Required action:
Copy word for word the lines of the records below, beginning at the one with "Efectivos del Grupo" and finishing at the one with "Difference of length", ends included, but none of the pictures.

Records for this task:
********

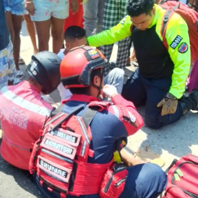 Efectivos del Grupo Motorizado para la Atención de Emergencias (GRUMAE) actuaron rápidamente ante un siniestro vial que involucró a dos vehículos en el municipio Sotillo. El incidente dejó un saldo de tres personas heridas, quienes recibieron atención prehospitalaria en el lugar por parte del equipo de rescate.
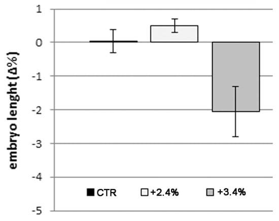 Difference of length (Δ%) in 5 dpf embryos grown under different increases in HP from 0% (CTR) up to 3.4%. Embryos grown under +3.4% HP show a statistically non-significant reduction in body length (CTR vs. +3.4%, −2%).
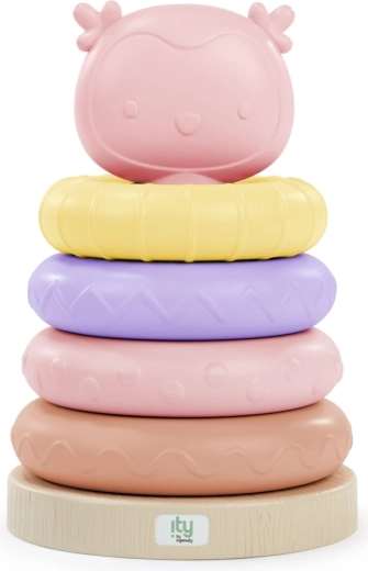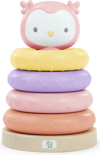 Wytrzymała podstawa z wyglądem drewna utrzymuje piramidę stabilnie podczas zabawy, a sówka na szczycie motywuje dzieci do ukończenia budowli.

********

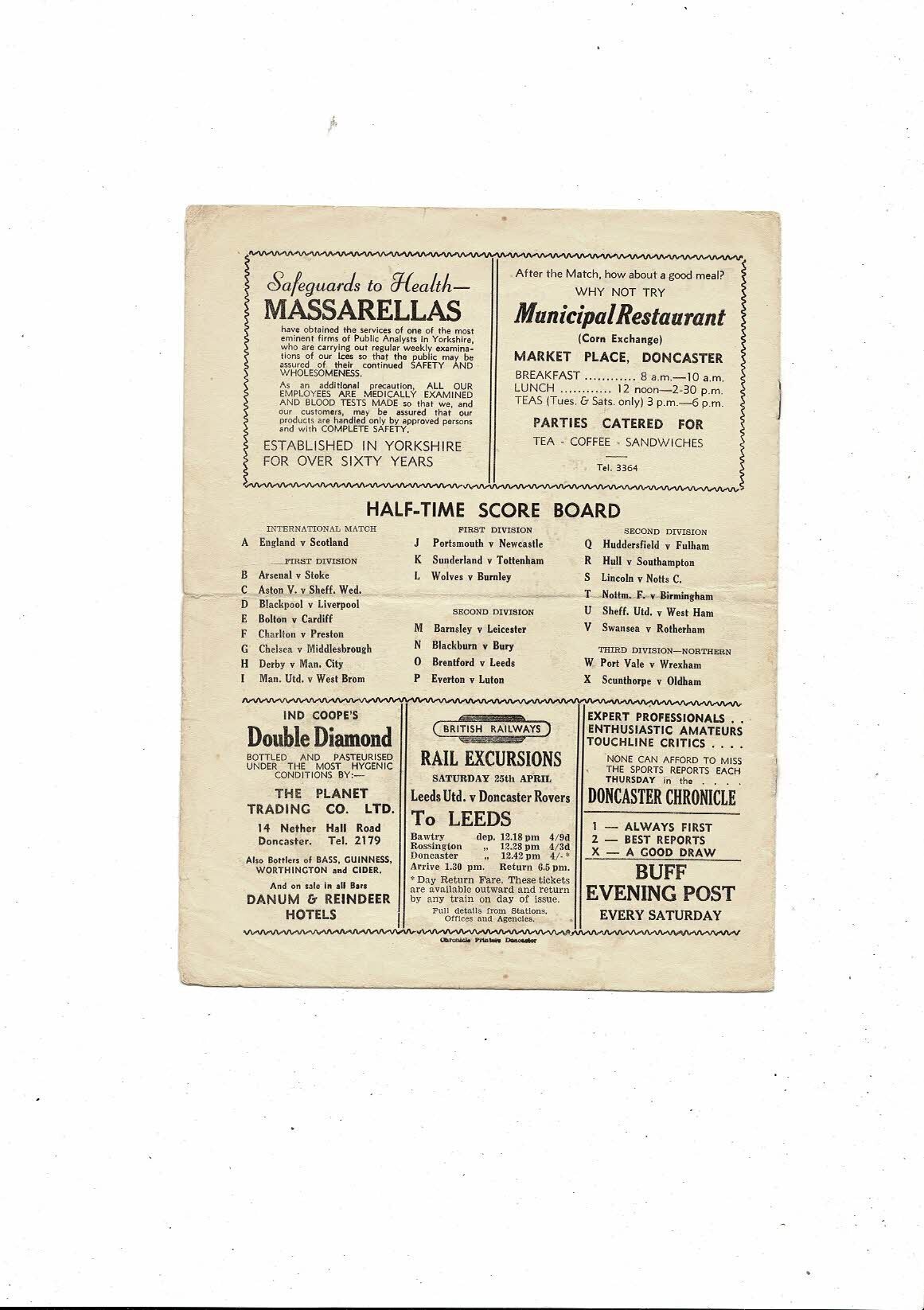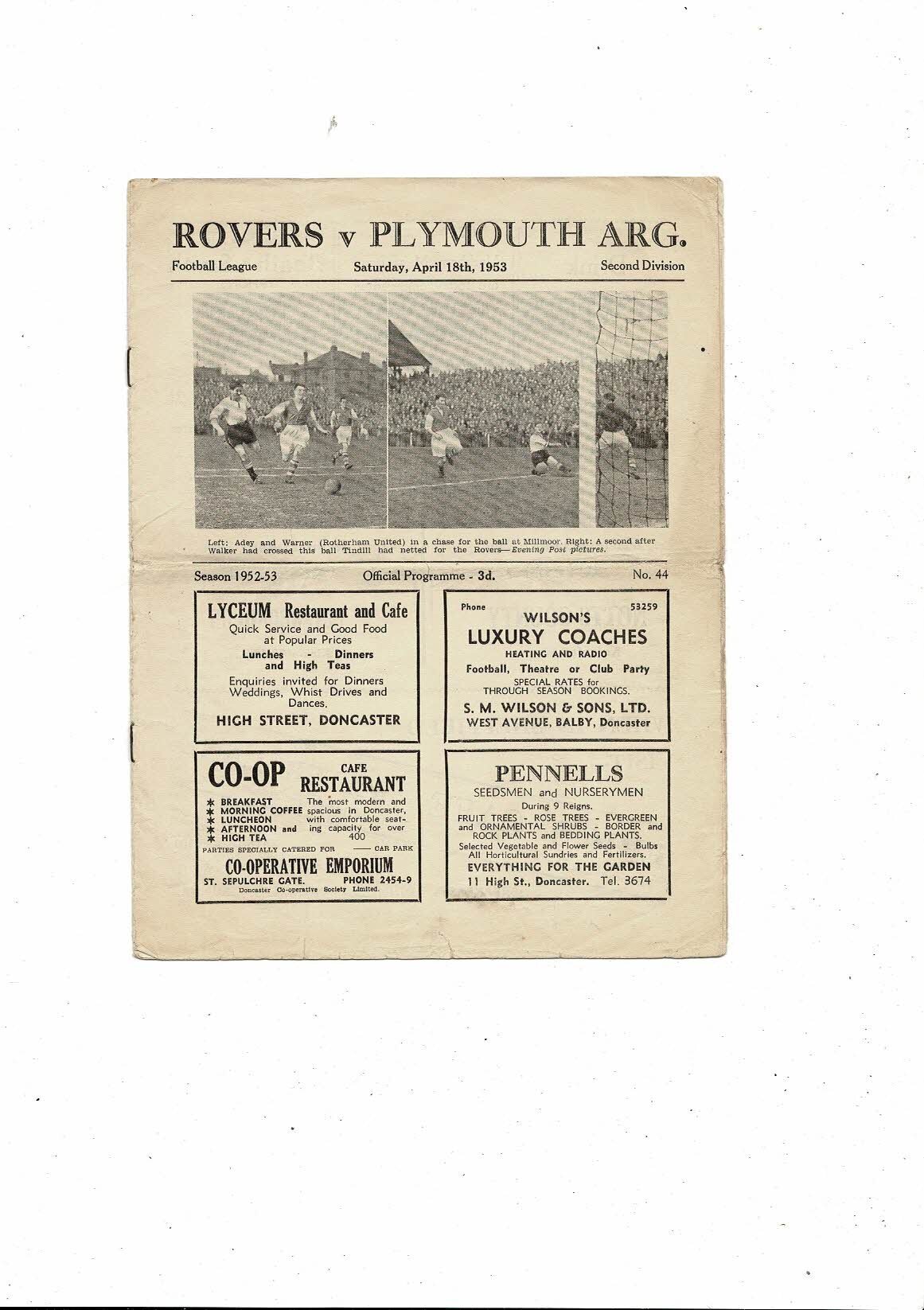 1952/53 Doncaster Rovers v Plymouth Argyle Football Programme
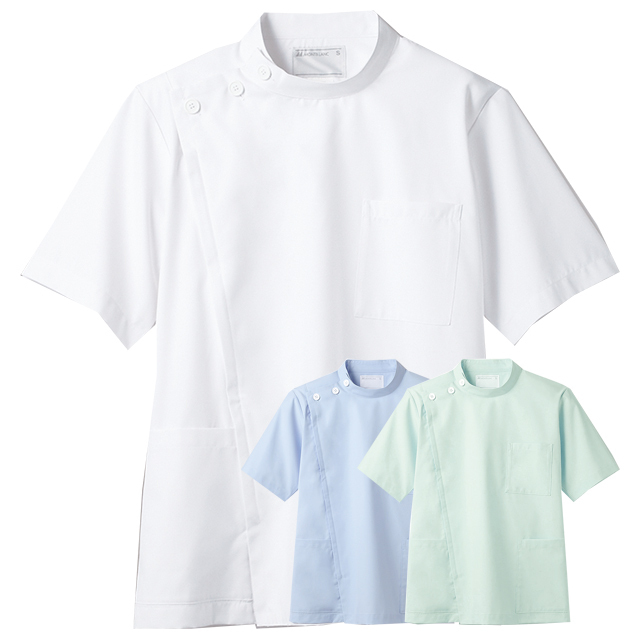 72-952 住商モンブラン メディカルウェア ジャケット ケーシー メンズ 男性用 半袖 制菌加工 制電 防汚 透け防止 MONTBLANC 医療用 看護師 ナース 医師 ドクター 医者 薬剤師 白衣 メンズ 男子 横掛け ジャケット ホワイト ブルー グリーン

********

Response box:
 Efectivos del Grupo Motorizado para la Atención de Emergencias (GRUMAE) actuaron rápidamente ante un siniestro vial que involucró a dos vehículos en el municipio Sotillo. El incidente dejó un saldo de tres personas heridas, quienes recibieron atención prehospitalaria en el lugar por parte del equipo de rescate.
 Difference of length (Δ%) in 5 dpf embryos grown under different increases in HP from 0% (CTR) up to 3.4%. Embryos grown under +3.4% HP show a statistically non-significant reduction in body length (CTR vs. +3.4%, −2%).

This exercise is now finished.